(Recorded data)
===============
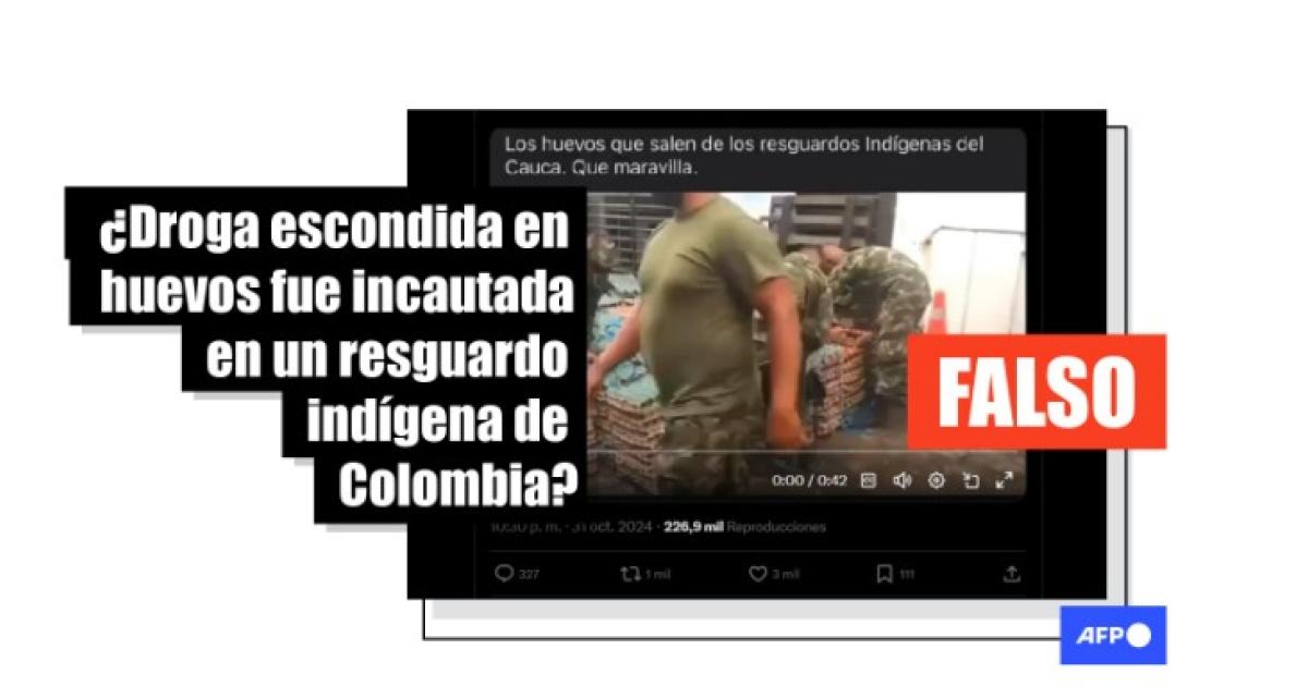 En el video, que circula en X y Facebook, se ve a un grupo de soldados sacando paquetes escondidos entre varias canastas de huevos. En un texto sobreimpreso se lee: “Los huevos que salen de los resguardos Indígenas del Cauca. Que maravilla”.
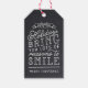 Custom printed holiday gift tags personalized with your photos and text. This fun two-sided design features cute hand-lettered style typography on a faux chalkboard background and red striped washi tape around your photo. The text reads "Hope the holidays bring you lots of reasons to smile". Personalize it with your photo, family name or other custom text. Use the design tools to edit the text fonts and colours, add more photos and create a unique one of a kind holiday gift tag.
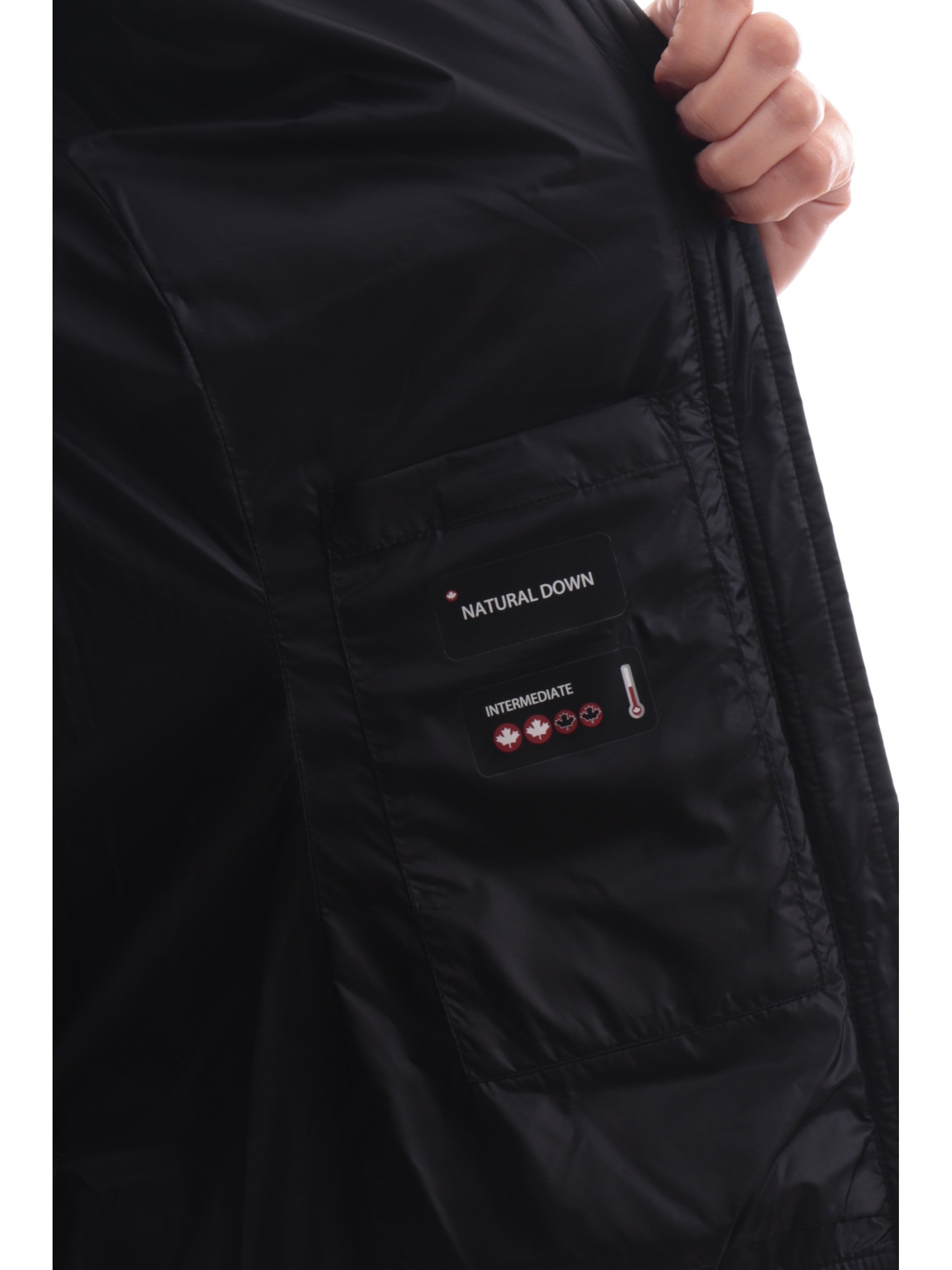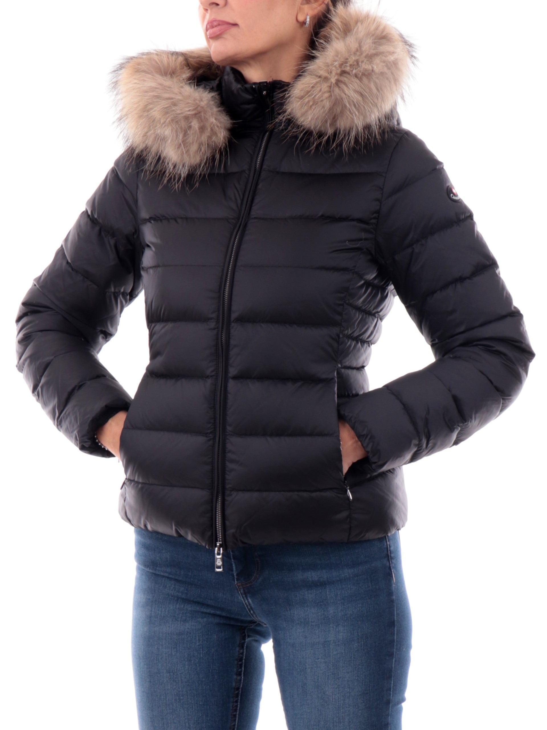 Piumino Canadiens nero con cappuccio in pelliccia da donna LISBET 2.0. Questo piumino Canadiens realizzato da un tessuto trapuntato idrorepellente, in vera piuma è caratterizzato dal cappuccio fisso con pelliccia removibile, chiusura full zip con doppio cursore, due tasche laterali con zip, polsini e fondo regolare e il logo del brand applicato sulla manica sinistra
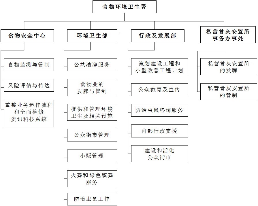 本署的服务由食物安全中心、环境卫生部、行政及发展部和私营骨灰安置所事务办事处提供(架构图如下)。本署的部分运作或会对环境造成影响,有关概况将于下文叙述。
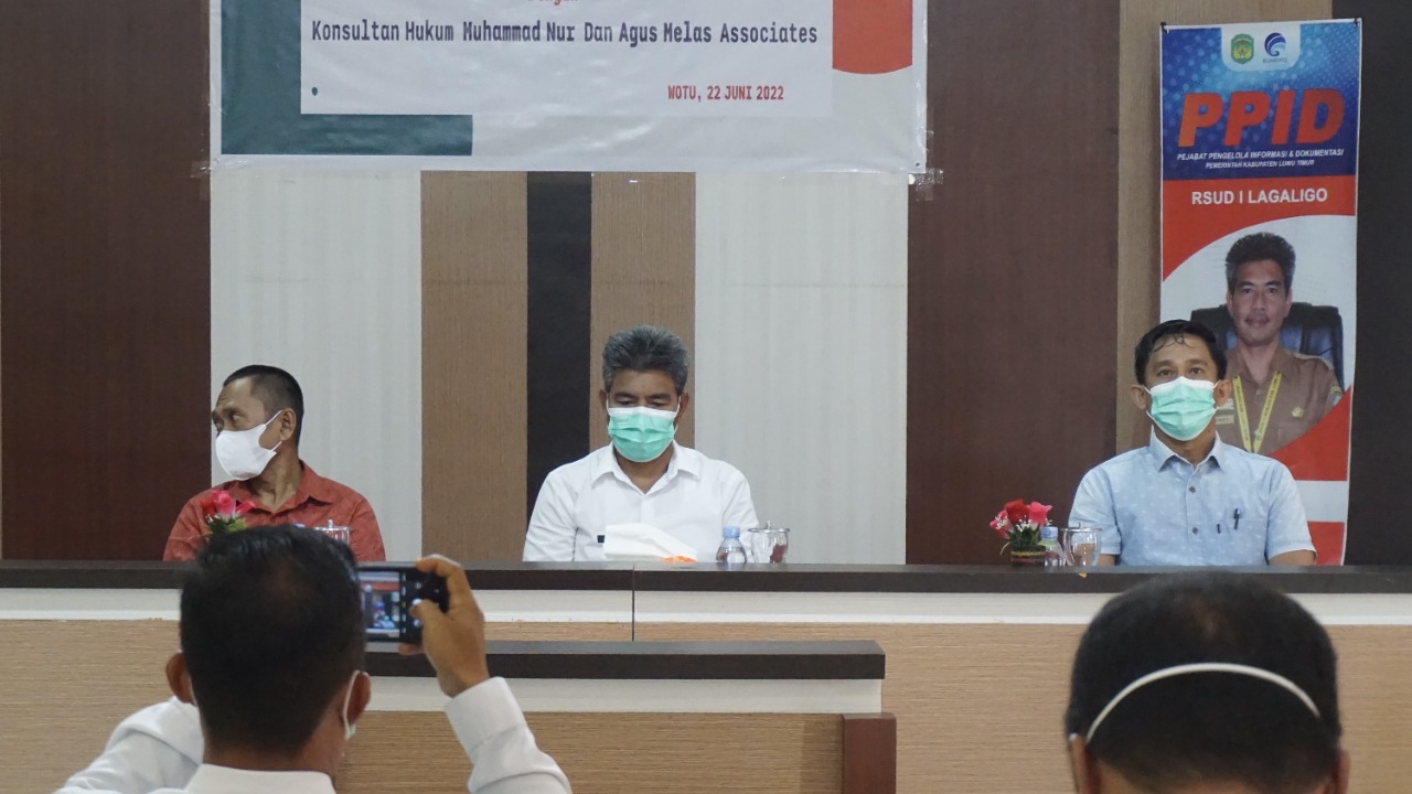 Selaku Pihak Pertama, RSUD I Lagaligo Wotu diwakili oleh dr. Benny sebagai Direktur sementara pihak Konsultan Hukum Muhammad Nur dan Agus Melas Associates, sebagai pihak kedua diwakili oleh Muhammad Nur. Penandatanganan PKS disaksikan oleh para pejabat dan staf di lingkungan RSUD I Lagaligo, Rabu (22/06/2022), di RSUD I Lagaligo Wotu.
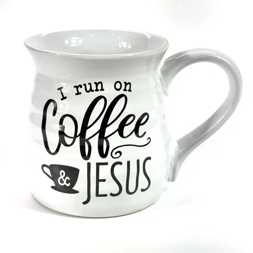 Christian Coffee Mug Tea Cup, I run on Coffee and Jesus, Large 21oz
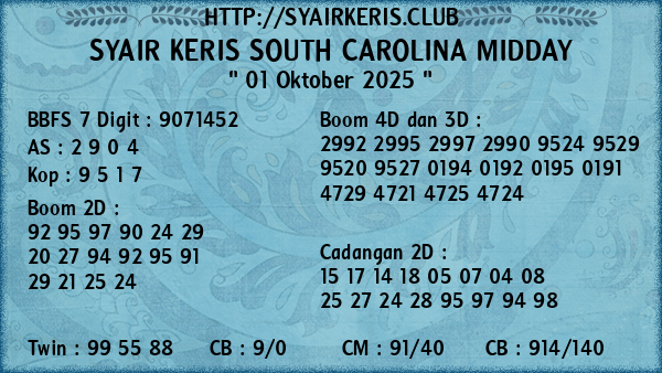 Prediksi Syair Keris Jitu South Carolina Midday Rabu, 01 Oktober 2025
===============
§ TASK STATEMENT: Every record must be set down again exactly; pictures do not belong in the copy.

§ WRITTEN ANSWER:
 En el video, que circula en X y Facebook, se ve a un grupo de soldados sacando paquetes escondidos entre varias canastas de huevos. En un texto sobreimpreso se lee: “Los huevos que salen de los resguardos Indígenas del Cauca. Que maravilla”.
 Custom printed holiday gift tags personalized with your photos and text. This fun two-sided design features cute hand-lettered style typography on a faux chalkboard background and red striped washi tape around your photo. The text reads "Hope the holidays bring you lots of reasons to smile". Personalize it with your photo, family name or other custom text. Use the design tools to edit the text fonts and colours, add more photos and create a unique one of a kind holiday gift tag.
 Piumino Canadiens nero con cappuccio in pelliccia da donna LISBET 2.0. Questo piumino Canadiens realizzato da un tessuto trapuntato idrorepellente, in vera piuma è caratterizzato dal cappuccio fisso con pelliccia removibile, chiusura full zip con doppio cursore, due tasche laterali con zip, polsini e fondo regolare e il logo del brand applicato sulla manica sinistra
 本署的服务由食物安全中心、环境卫生部、行政及发展部和私营骨灰安置所事务办事处提供(架构图如下)。本署的部分运作或会对环境造成影响,有关概况将于下文叙述。
 Selaku Pihak Pertama, RSUD I Lagaligo Wotu diwakili oleh dr. Benny sebagai Direktur sementara pihak Konsultan Hukum Muhammad Nur dan Agus Melas Associates, sebagai pihak kedua diwakili oleh Muhammad Nur. Penandatanganan PKS disaksikan oleh para pejabat dan staf di lingkungan RSUD I Lagaligo, Rabu (22/06/2022), di RSUD I Lagaligo Wotu.
 Christian Coffee Mug Tea Cup, I run on Coffee and Jesus, Large 21oz
 Prediksi Syair Keris Jitu South Carolina Midday Rabu, 01 Oktober 2025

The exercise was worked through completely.